Every line from the first one in the data below through the line holding "An airy arrangement" is to be written out exactly, with the pictures omitted.
[Opening Material shown section]
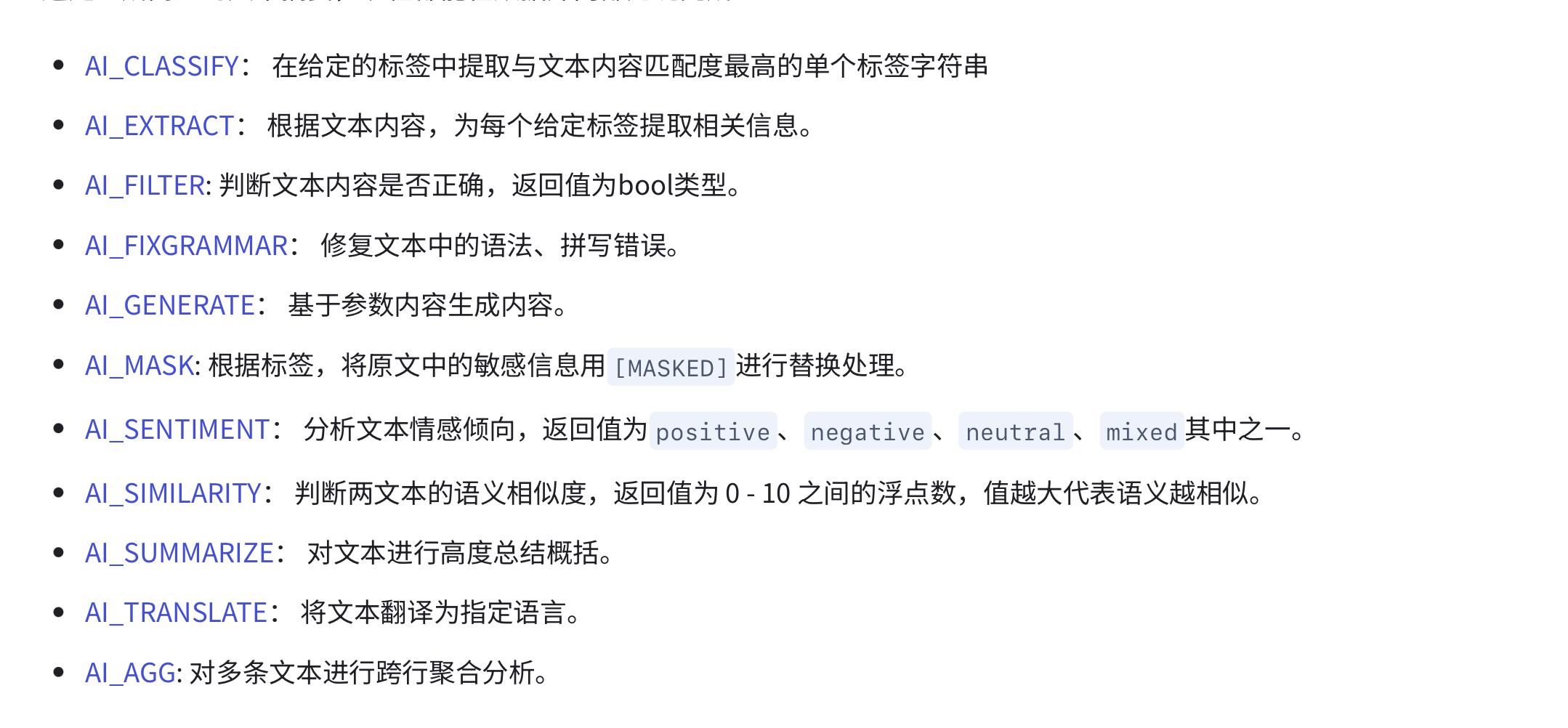 日后会不会 kylin 又有神更新,让他在 hadoop 的体系下使得焕发第二春?我不得而知,现在让我在结尾前中断一下,还记得我在前面说的,doris4 有一个让我觉得很有意思的更新的点吗?现在先回收这点,doris 在 4.0版本,引入了 AI 函数库,没错,就是你写 sql 顺便调用 AI 帮你分析,官方文档在 4.0.0 Release 文档是这么说的:
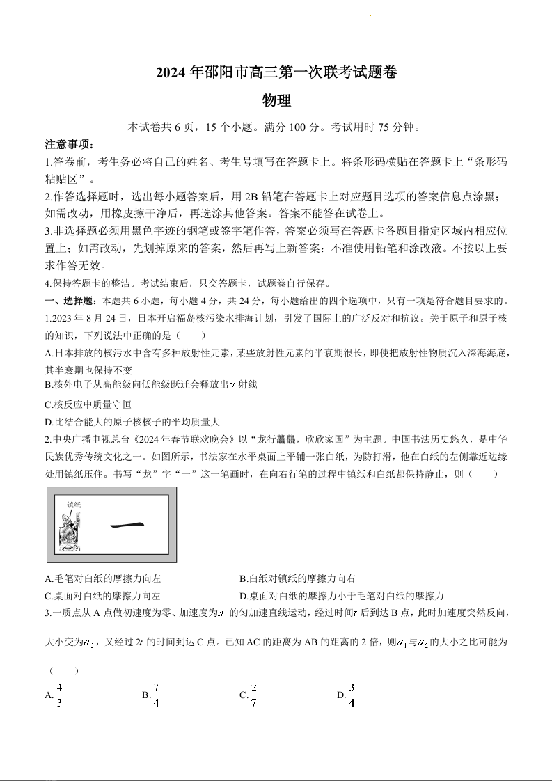 湖南省邵阳市2024届高三第一次联考(邵阳一模)物理+答案
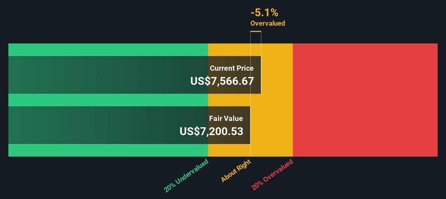 While the price-to-earnings ratio suggests NVR is trading at a premium, our DCF model provides a different perspective. According to this cash flow based approach, NVR is actually trading above its estimated fair value of $7,200.53, implying the shares may be overvalued right now. Could the outlook change if market assumptions shift?
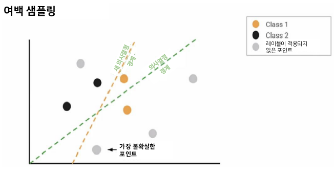 여백 샘플링(Margin sampling)은 지능형 샘플링을 수행하는 데 널리 사용되는 기술 중 하나입니다. 이 예제에서 데이터는 각각 두 개의 클래스 중 하나에 속하며 레이블이 없는 데이터 포인트도 있습니다. 이 설정에서 가장 간단한 전략은 단순하게 만드는 이진 선형 분류기 모델을 학습시키는 것입니다. 우리는 선형 모델만을 예로 들겠습니다. 모델을 라벨이 붙은 데이터로 훈련시킬 것이고, 이 모델은 우리에게 의사결정 경계를 나타낼 것입니다. 레이블이 없는 데이터 중에서 가장 불확실한 데이터 포인트는 의사결정 경계에 가장 가까운 점입니다. 능동학습을 통해 다음에 레이블을 지정하여 데이터셋에 추가할 가장 불확실한 포인트를 선택할 수 있습니다. 이제 이 새로운 레이블링된 데이터 포인트를 데이터셋의 일부로 사용하여 모델을 재교육하여 새로운 분류 경계를 학습합니다. 경계를 이동하면 모델은 이러한 클래스를 분리하는 방법을 조금 더 잘 학습합니다. 그런 다음 가장 불확실한 데이터 포인트를 다시 찾고 모델이 개선되지 않을 때까지 프로세스를 반복합니다.
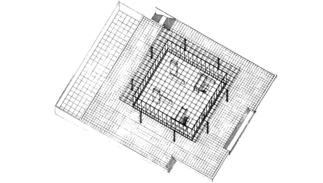 △ 德国馆中光井作为空间核心,其位置与水平镜像后的赖特罗比住宅中的壁炉一致
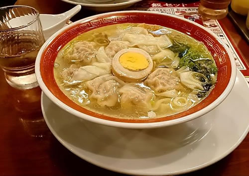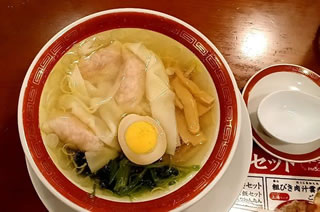 まだ11時なので並んではおらず、すんなり店内へ。 注文して待ってる間に次々来店、満席になり、早い時間を目指して正解。 私の肉わんたん麺塩味。
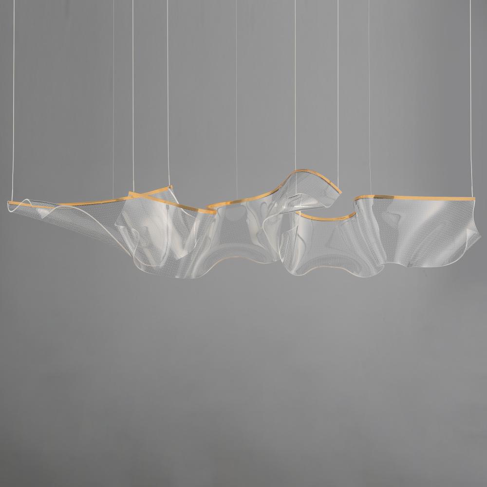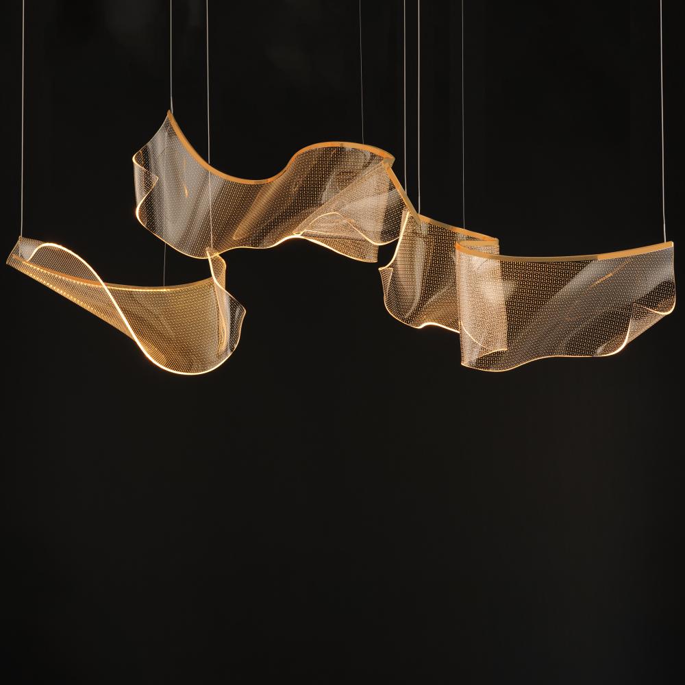 An airy arrangement of abstract forms, the Rinkle pendants feature sheets of transparent acrylic shaped by hand. The light guided acrylic captures the glow of energy efficient LEDs recessed within strips of shining stainless steel, obscuring the source of
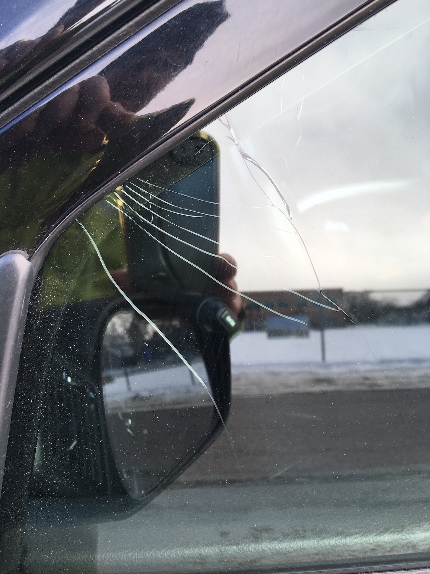 Some pics. The glass is smooth on the exterior, so I think this is laminated and the cracks are in the inner sheet.
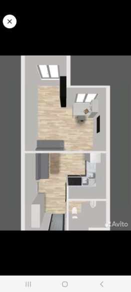 Уютная , светлая квартира с высокими потолками- 3м. для семейной пары. Комната площадью 18кв.м. оборудована спальными местами и 2 письменными столами для работы и обучения. Окна спальни выходят на солнечную сторону, что дает дополнительное освещение и тепло. Кухня- гостиная- 7 кв.м., в ней размещены комфортный диван и стол, удобно складывающийся при необходимости. В совместном узле расположены: котел отопления и стиральная машина. Полноценная прихожая оборудована вместительным шкафом -купе. Новым владельцам мебель и техника частично останется в квартире.
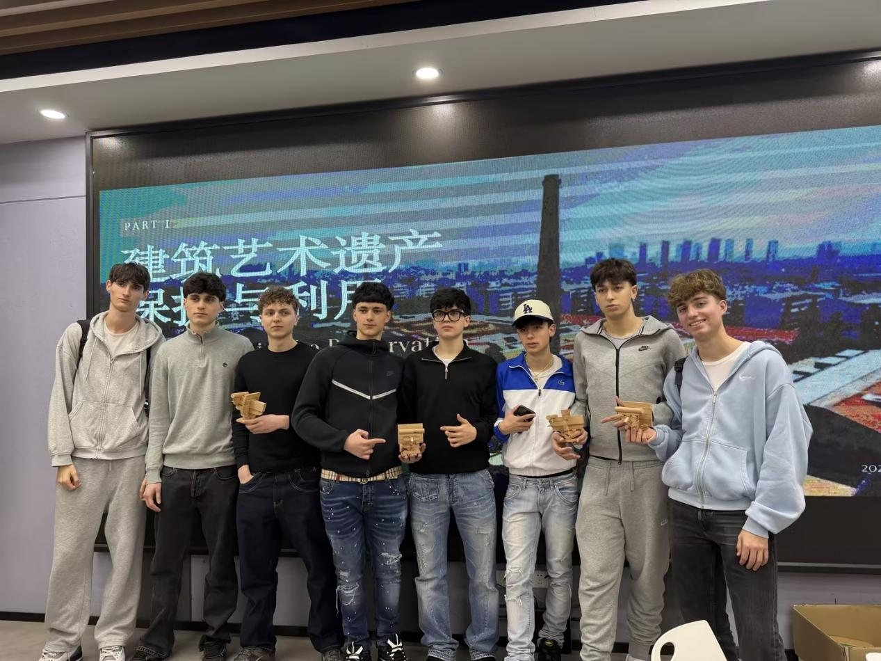 艺术设计学院沈敏老师以《建筑艺术遗产保护与利用》为题举办主题讲座,结合我院实际案例与前沿理念,从设计学视角阐释了建筑保护中的当代转化路径,引发意方师生的浓厚兴趣。在随后的工作坊环节,意大利留学生亲手体验了中国传统榫卯结构,通过拆解与组装,直观感受这一无钉无胶的构造智慧在空间与结构设计中的精妙之处。中意学生还围绕主题联合开展海报创作,在视觉语言、构图逻辑与设计表达上互鉴切磋,完成了一系列兼具文化交流与专业探索的作品。
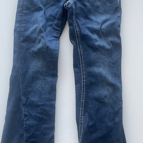 Meget pent brukte Chunky low flare jeans fra Ginatricot Young selges kr 250,-. Blå jeans med utsvingte ben og lav midje str 158 . De har gummistrikk ved midjen for justering, lynkås, lav stretch, frontlommer og baklommer med knapp og klaff. Normal i størrelsen.
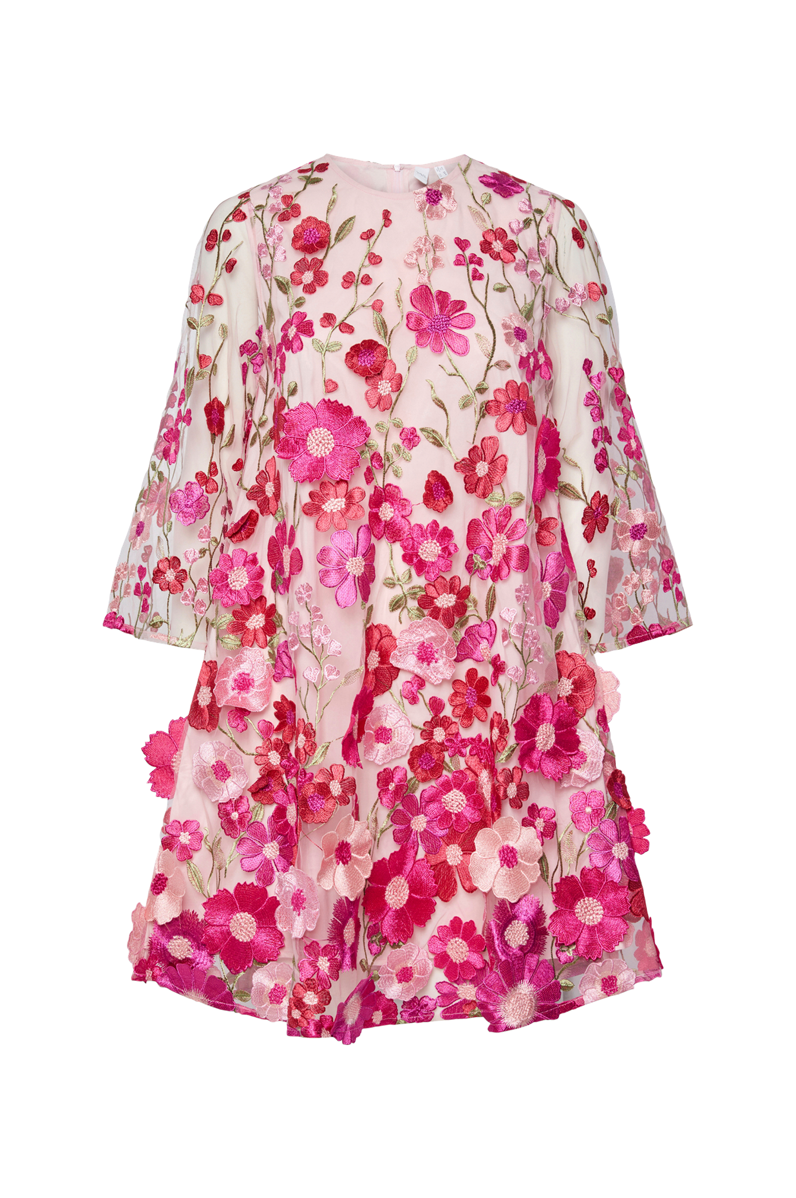 • Vuorattu mekko verkkokankaasta kukka-applikaatioilla kauttaaltaan
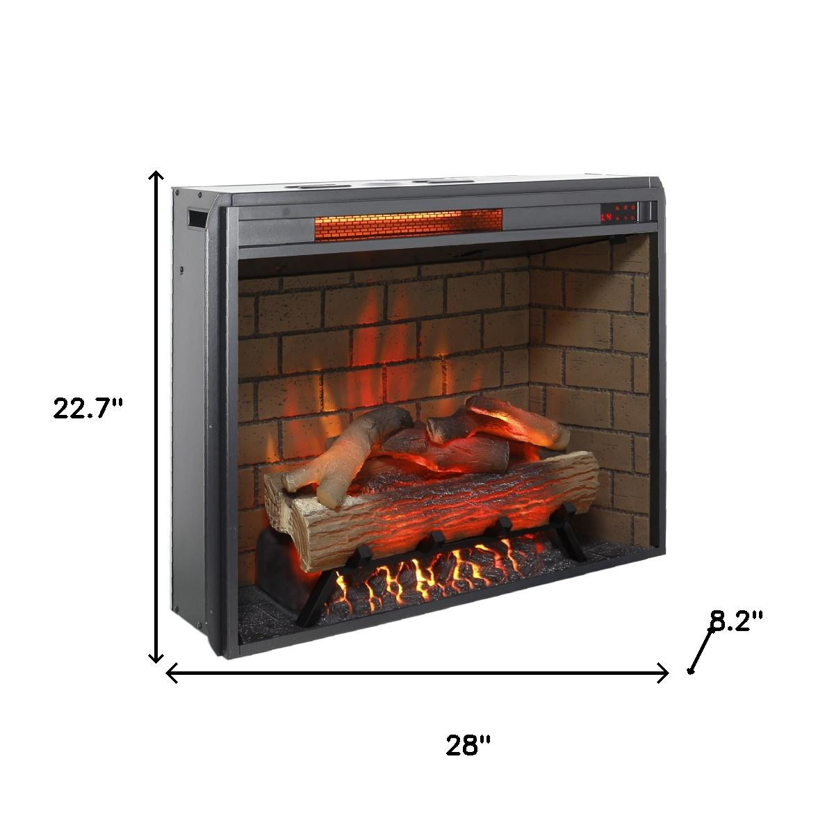 The 28-inch black metal electric fireplace adds a modern touch to any living space. Designed with electric fuel type, it provides warmth efficiently while enhancing your decor. Capable of heating an area of up to 400 square feet, this fireplace ensures comfort in both small and large gatherings. The durable metal construction not only offers a sleek look but also guarantees longevity. Enjoy the convenience of adjusting settings from a distance with the included fireplace remote, making it easy to create the perfect ambiance without leaving your seat. This stylish fireplace combines functionality and aesthetic appeal, making it an ideal focal point for cozy evenings spent indoors. 22.70-inch h x 28.00-inch w x 8.20-inch d.
[Closing Material shown section]
→ **Expected output**:
 日后会不会 kylin 又有神更新,让他在 hadoop 的体系下使得焕发第二春?我不得而知,现在让我在结尾前中断一下,还记得我在前面说的,doris4 有一个让我觉得很有意思的更新的点吗?现在先回收这点,doris 在 4.0版本,引入了 AI 函数库,没错,就是你写 sql 顺便调用 AI 帮你分析,官方文档在 4.0.0 Release 文档是这么说的:
 湖南省邵阳市2024届高三第一次联考(邵阳一模)物理+答案
 While the price-to-earnings ratio suggests NVR is trading at a premium, our DCF model provides a different perspective. According to this cash flow based approach, NVR is actually trading above its estimated fair value of $7,200.53, implying the shares may be overvalued right now. Could the outlook change if market assumptions shift?
 여백 샘플링(Margin sampling)은 지능형 샘플링을 수행하는 데 널리 사용되는 기술 중 하나입니다. 이 예제에서 데이터는 각각 두 개의 클래스 중 하나에 속하며 레이블이 없는 데이터 포인트도 있습니다. 이 설정에서 가장 간단한 전략은 단순하게 만드는 이진 선형 분류기 모델을 학습시키는 것입니다. 우리는 선형 모델만을 예로 들겠습니다. 모델을 라벨이 붙은 데이터로 훈련시킬 것이고, 이 모델은 우리에게 의사결정 경계를 나타낼 것입니다. 레이블이 없는 데이터 중에서 가장 불확실한 데이터 포인트는 의사결정 경계에 가장 가까운 점입니다. 능동학습을 통해 다음에 레이블을 지정하여 데이터셋에 추가할 가장 불확실한 포인트를 선택할 수 있습니다. 이제 이 새로운 레이블링된 데이터 포인트를 데이터셋의 일부로 사용하여 모델을 재교육하여 새로운 분류 경계를 학습합니다. 경계를 이동하면 모델은 이러한 클래스를 분리하는 방법을 조금 더 잘 학습합니다. 그런 다음 가장 불확실한 데이터 포인트를 다시 찾고 모델이 개선되지 않을 때까지 프로세스를 반복합니다.
 △ 德国馆中光井作为空间核心,其位置与水平镜像后的赖特罗比住宅中的壁炉一致
 まだ11時なので並んではおらず、すんなり店内へ。 注文して待ってる間に次々来店、満席になり、早い時間を目指して正解。 私の肉わんたん麺塩味。
 An airy arrangement of abstract forms, the Rinkle pendants feature sheets of transparent acrylic shaped by hand. The light guided acrylic captures the glow of energy efficient LEDs recessed within strips of shining stainless steel, obscuring the source of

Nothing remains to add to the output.